This involves running the classification_task() and language_modeling_task() functions by setting the use_init_weights argument to be True. The steps are the same as Parts 1 and 2. The only difference is that the transformer now initializes the weights by sampling from a normal distribution with mean of 0 and standard deviation of 0.05. This is different from Parts 1 and 2 where the weights are initialized randomly.



Outputs

The outputs are written to JSON files.

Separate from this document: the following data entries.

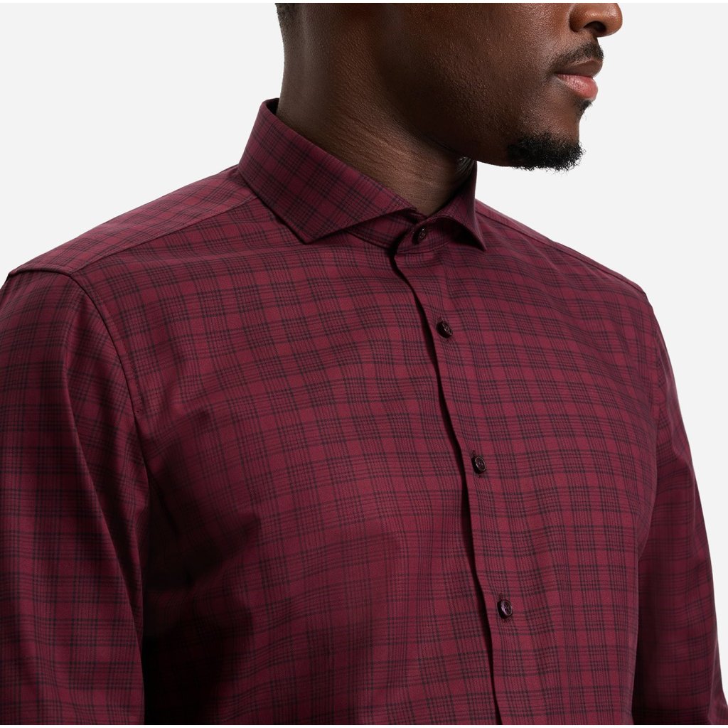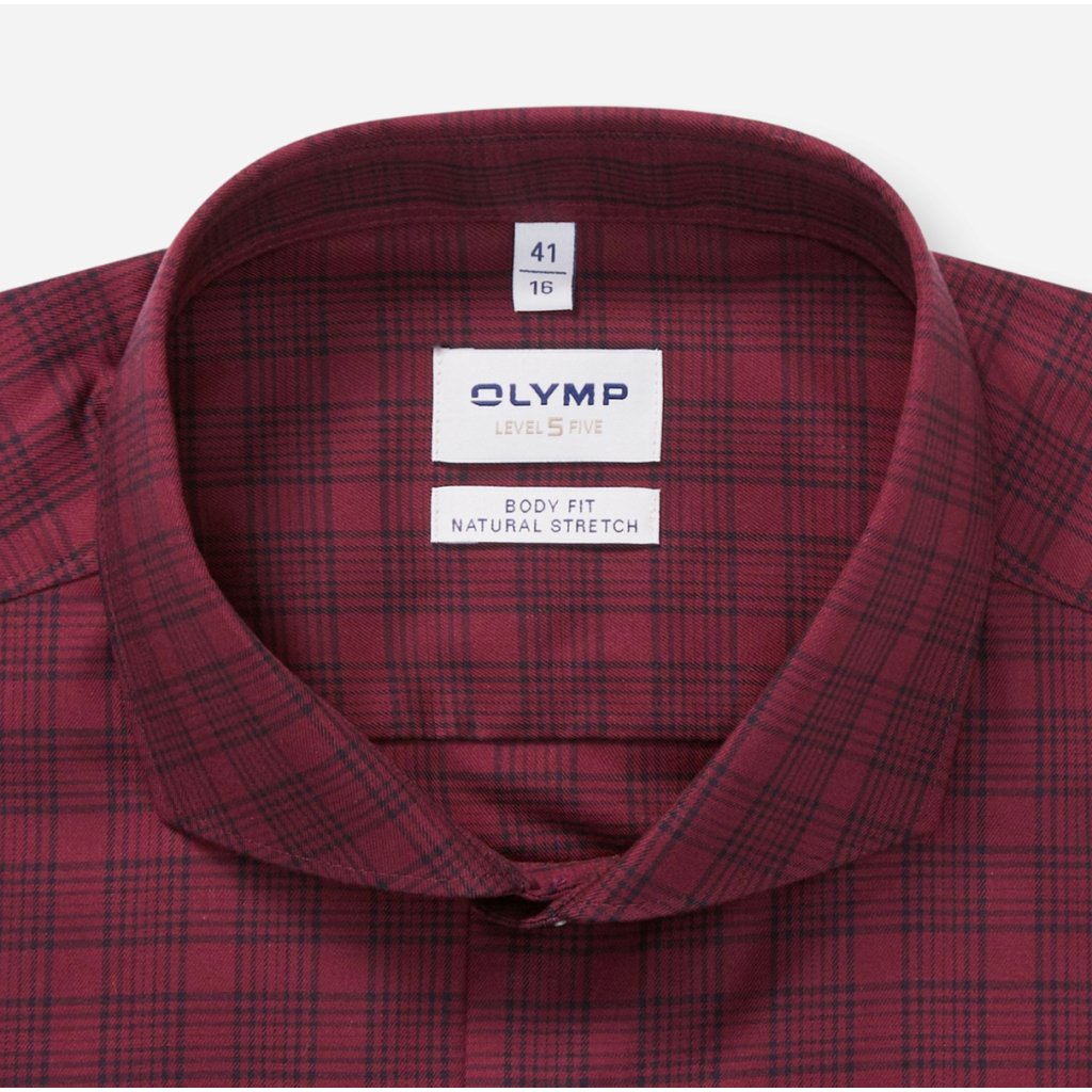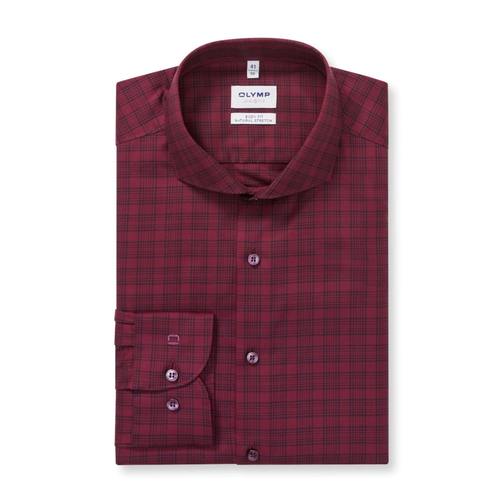 Pánska bordová karovaná casual košeľa OLYMP body fit
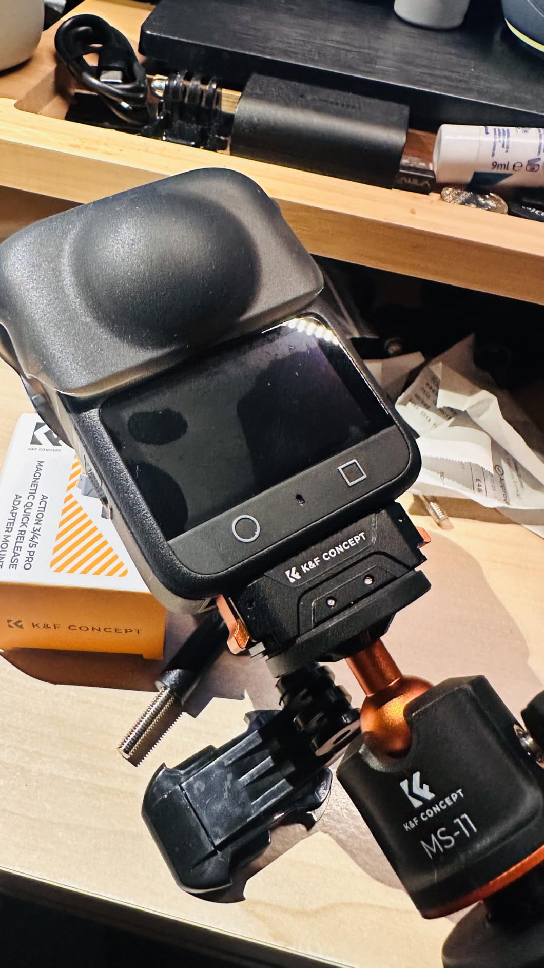 I have a DJI Action 4 but a ton of different tripods and selfie sticks. The base package for the Action 4 only comes with 1 mount, so I definitely needed a spare if I wanted to quickly release the Action 4 between different tools quickly, rather than messing with the thumb screw. I am so glad K&F Concept came out with their own mount, which is marketed for the Action 5, but will fit the 4 and 3 just as well. The construction is as solid as can be, with the pops of their signature orange color. I highly recommend this.
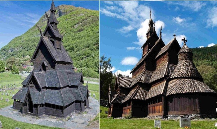 Уникальным памятником зодчества древних мастеров можно назвать деревянную каркасную церковь (ставкирка) в Боргунде (Норвегия). Она была построена в период между 1180-1200 годами. В XII веке христианство в Скандинавии еще только зарождалось, поэтому рядом с крестами на стенах ставкирки можно обнаружить вырезанные руны, изображения драконов. Вот уже 9 столетий деревянная церковь в Боргунде не меняет свой первоначальный облик.
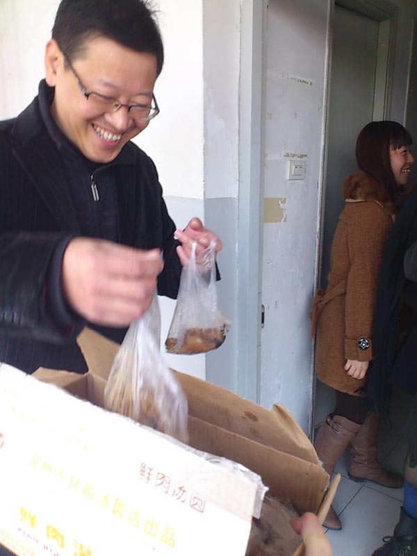 每到一个寝室,老师们都会关心的询问学生的近况,了解学生的实际困难。学院党总支蔡联群书记在寝室里还和学生聊到了很多有关学习的事情,他说:“马上临近考试了,大家一定要好好复习、充分准备、积极应考,冬至日快到了,你们都没法回家,我们学院的老师给你们送汤圆来了,希望你们冬至节快乐”。同学们在欣喜的同时又充满着感激,也声声祝愿学院老师“冬至日快乐”。师生间其乐融融的气氛驱散了所有的寒冷,笑声充满了整个房间,我们也用相机记录下了这温馨的时刻,永远无法忘怀的一刻。接到热乎乎的汤圆,学生们感动之余,纷纷表示,虽然在冬至日里,我们没法回家与亲人团聚,但我们大家都得到了学院老师们的关心,这小小的汤圆让我们在这个没有亲人陪伴的冬至日多了温暖与温馨。我们一定好好复习充分准备,争取向学院交上自己完美的答卷。
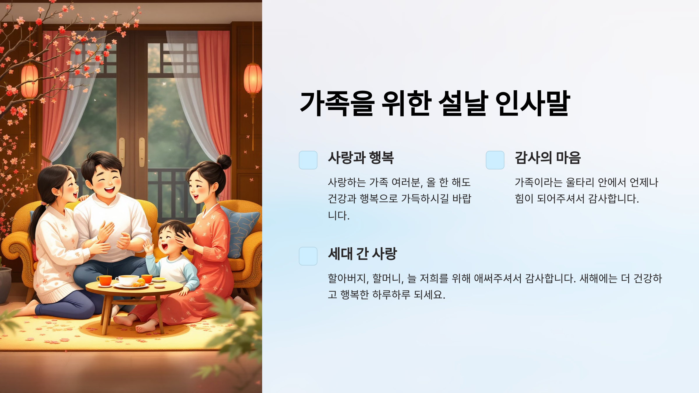 "우리 가족 모두 새해에도 늘 행복하고, 건강이 함께하길 바랍니다. 설날의 기쁨처럼 매일매일 따뜻한 하루가 되길 기원합니다."
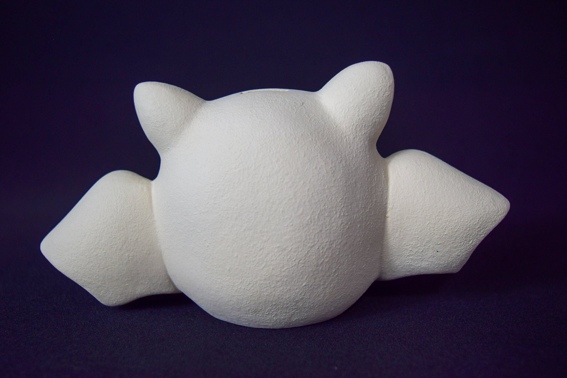 Imagine the fun of bringing this adorable bat to life with your own colors and designs. Whether you're planning a paint party, a creative project with the kids, or simply seeking a relaxing and enjoyable activity, this bat is the perfect canvas for your imagination. The detailed texture and charming features make it a joy to paint, and the slotted top is ready for a tuft of fuzz to elevate its cuteness to legendary levels!
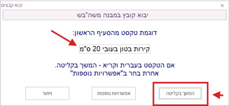 אם דוגמת הטקסט מהסעיף הראשון תקינה, יש ללחוץ על “המשך בקליטה”:
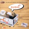 There are multiple designs to choose from, such as: salmon sushi, home mover, mango, orange, bus, or soy sauce.
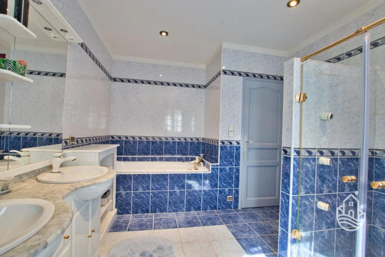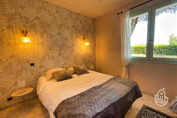 Upstairs, there is a suite with a shower room and toilet, and a large terrace overlooking the 4,800 m² park. The Bali-style pool, built in 2021, is heated, with travertine surrounds, and a roller shutter ensures security. A mobile home is currently rented out on the grounds.
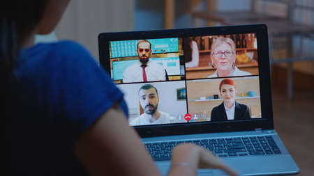 Back view of woman sit at desk at home have webcam conference on laptop computer with business partner or client. Work from home concept
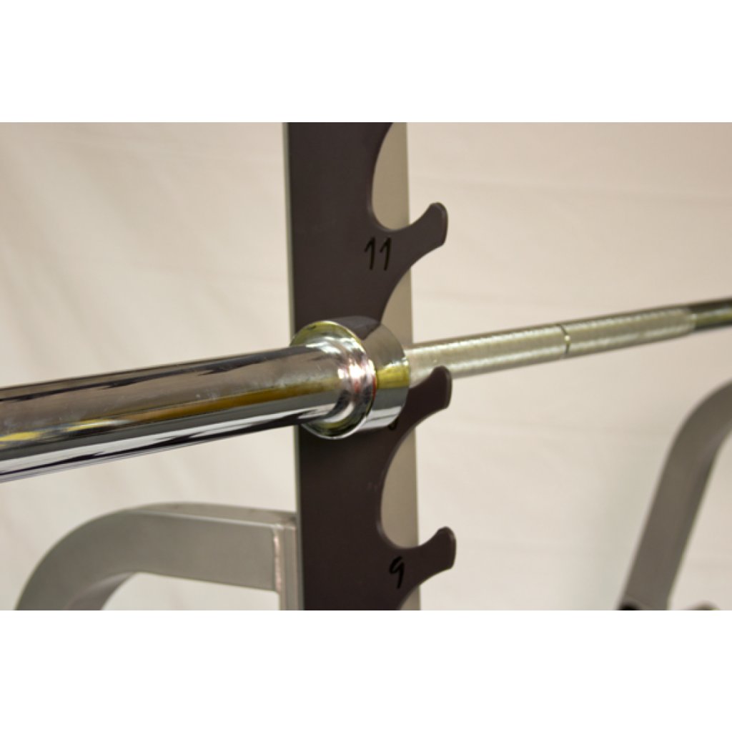 Multipress Body Solid je dřepovací a tlakový stojan s nosností 450 kg. Na tomto skvělém stojanu se 14 pozicemi můžete trénovat s více než 450 kg. Dřepy a bench press můžete provádět s bezpečnostními podpěrnými stojany, takže vám vůbec nepřekážejí. Velké ocelové bezpečnostní zámky vám pomohou více chránit vaše tělo před zraněním. Pevné ocelové zarážky udrží půl tuny.
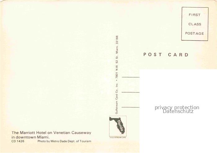 74092314 MIAMI Florida USA Marriott Hotel Venetian Caseway postalisch nicht gelaufen Erhaltung siehe scans [IrynaD87] KatCode: 14140110000000
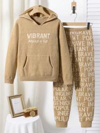 2pcs Boys Korean Style Autumn Winter Oversized Hooded Sweater & English Text Knit Pants Set
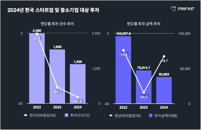 8일 더브이씨에 따르면 지난해 한국 국적 스타트업·중소기업 대상 투자 금액은 전년 대비 약 20% 감소한 6조 863억원이다. 전년 대비 투자금이 50% 이상 급감했던 2023년보다 양호한 수치다. 투자 건수의 경우 전년 대비 약 27% 감소한 1336건으로 2023년과 감소 폭이 유사했다.

Each file contains the following details:

  1. task: The task, whether classification or language modeling
  2. num_params: The number of model parameters
  3. use_alibi: Whether the model uses absolute positional embeddings or ABiLi positional embeddings
  4. use_init_weights: Whether the model weights are initialized randomly or from a normal distribution
  5. history: Rhe model history, which includes train and test metrics for each training epoch.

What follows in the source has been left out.